=== Work to complete ===
Every line below between the line holding "ABVERKAUF: Uhrenarmband 22mm" and the line holding "- Front Suspension: Electric- Independent", inclusive, should be repeated exactly, and all other lines omitted.

=== Working data ===
-=-=-

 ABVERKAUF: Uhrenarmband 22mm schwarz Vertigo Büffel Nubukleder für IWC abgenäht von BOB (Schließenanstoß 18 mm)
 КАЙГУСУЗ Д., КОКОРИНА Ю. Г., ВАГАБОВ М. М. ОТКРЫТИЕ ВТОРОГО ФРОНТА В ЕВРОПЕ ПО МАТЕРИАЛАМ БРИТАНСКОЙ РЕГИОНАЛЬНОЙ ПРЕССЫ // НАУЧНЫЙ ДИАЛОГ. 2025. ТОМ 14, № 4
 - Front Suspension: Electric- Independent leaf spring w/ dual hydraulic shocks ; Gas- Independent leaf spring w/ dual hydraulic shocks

-=-=-

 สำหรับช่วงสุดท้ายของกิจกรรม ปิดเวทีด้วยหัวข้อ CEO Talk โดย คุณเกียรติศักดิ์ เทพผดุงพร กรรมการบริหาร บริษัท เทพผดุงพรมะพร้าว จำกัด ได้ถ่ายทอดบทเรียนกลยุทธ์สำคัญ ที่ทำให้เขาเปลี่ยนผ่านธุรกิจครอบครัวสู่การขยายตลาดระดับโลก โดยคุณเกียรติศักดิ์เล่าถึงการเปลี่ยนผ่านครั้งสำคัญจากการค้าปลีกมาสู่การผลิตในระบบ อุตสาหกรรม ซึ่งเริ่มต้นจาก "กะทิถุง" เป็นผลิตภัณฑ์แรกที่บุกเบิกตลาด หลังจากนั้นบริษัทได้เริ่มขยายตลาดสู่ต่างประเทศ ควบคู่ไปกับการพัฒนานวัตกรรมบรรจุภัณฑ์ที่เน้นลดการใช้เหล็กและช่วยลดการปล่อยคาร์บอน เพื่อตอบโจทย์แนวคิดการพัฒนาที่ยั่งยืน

-=-=-

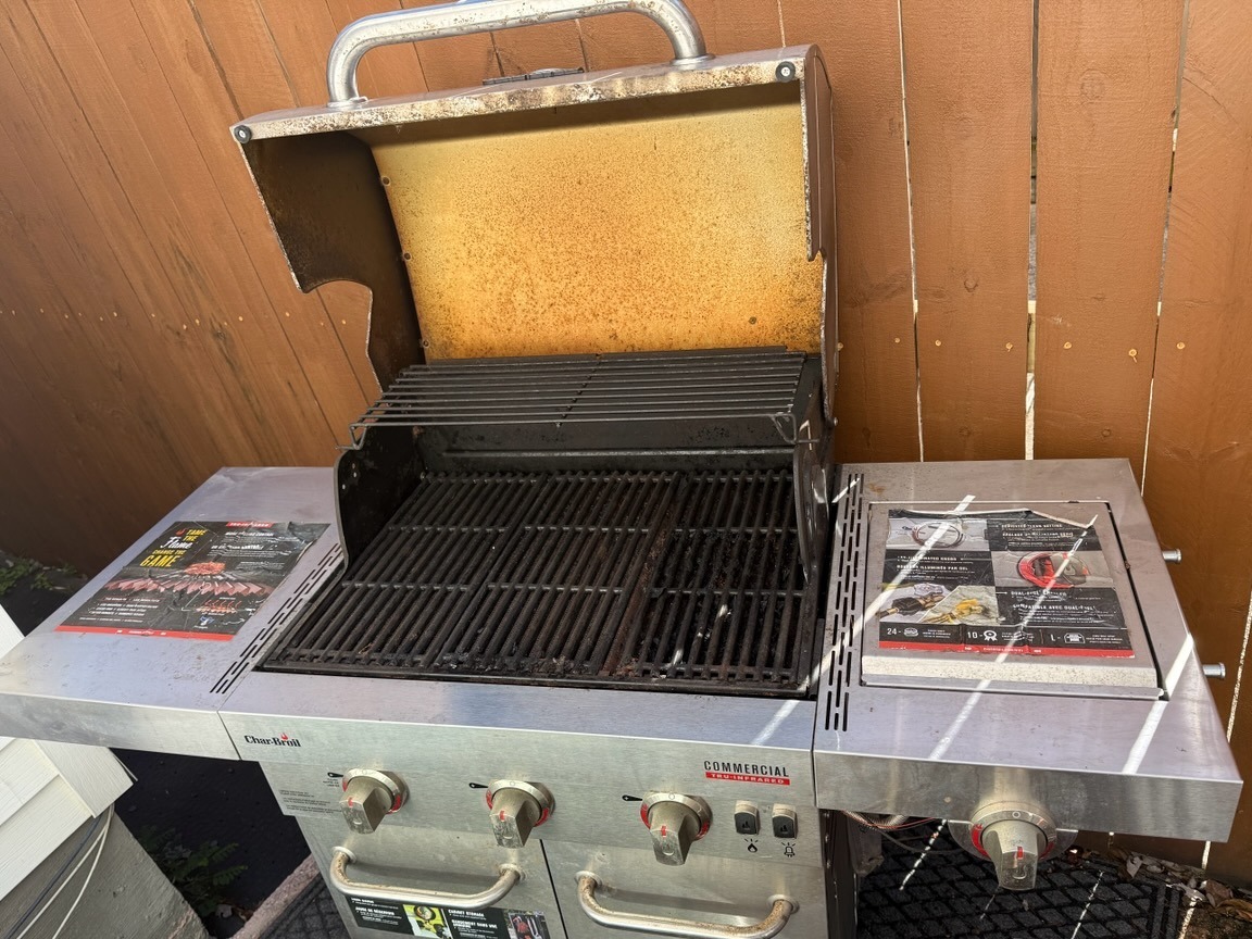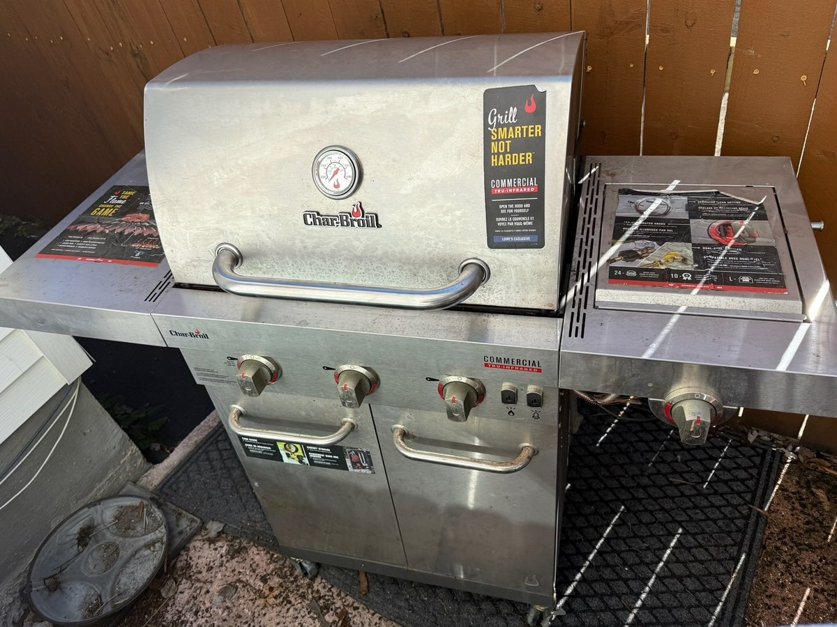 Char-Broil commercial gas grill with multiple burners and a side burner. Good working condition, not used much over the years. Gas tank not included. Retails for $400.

-=-=-

=== Solution for this problem ===
 ABVERKAUF: Uhrenarmband 22mm schwarz Vertigo Büffel Nubukleder für IWC abgenäht von BOB (Schließenanstoß 18 mm)
 КАЙГУСУЗ Д., КОКОРИНА Ю. Г., ВАГАБОВ М. М. ОТКРЫТИЕ ВТОРОГО ФРОНТА В ЕВРОПЕ ПО МАТЕРИАЛАМ БРИТАНСКОЙ РЕГИОНАЛЬНОЙ ПРЕССЫ // НАУЧНЫЙ ДИАЛОГ. 2025. ТОМ 14, № 4
 - Front Suspension: Electric- Independent leaf spring w/ dual hydraulic shocks ; Gas- Independent leaf spring w/ dual hydraulic shocks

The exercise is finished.